[Exercise instructions] From the line containing "Bei der Aktion" to the end of the data, retype every line exactly and nothing else. Drop the pictures.

[Supplied data]
Segment Open

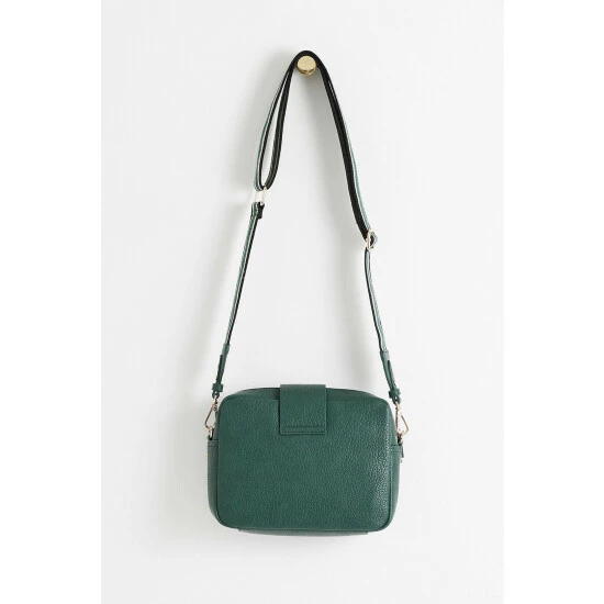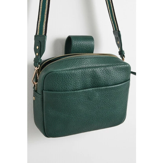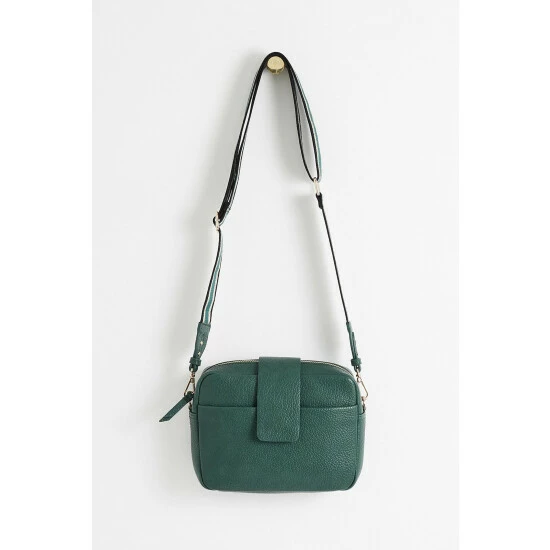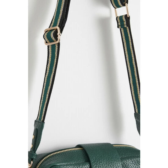 In a rectangular profile, this green cross-body bag contains one lined main compartment and one zipped inner pocket, with an outer slip pocket for your essentials. Featuring a contrasting woven detachable cross-body strap in black, green and metallic tones with gold-toned hardware, this bag is completed with a zip fastening and a fold over flap.
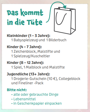 Bei der Aktion werden Weihnachtsbeutel gesammelt, um diese dann an caritative und diakonische Einrichtungen im Bistum weiterzugegeben, damit bedürftigen Kindern und Jugendlichen eine Freude gemacht werden kann.
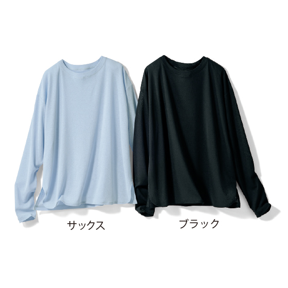 ほんのりスラブをプラスすることで、大人も着やすいシアー感に。シャリッとした肌触りが心地よく、ラウンド裾で腰回りもすっきりカバー。

Segment Closed

[Answer area]
 Bei der Aktion werden Weihnachtsbeutel gesammelt, um diese dann an caritative und diakonische Einrichtungen im Bistum weiterzugegeben, damit bedürftigen Kindern und Jugendlichen eine Freude gemacht werden kann.
 ほんのりスラブをプラスすることで、大人も着やすいシアー感に。シャリッとした肌触りが心地よく、ラウンド裾で腰回りもすっきりカバー。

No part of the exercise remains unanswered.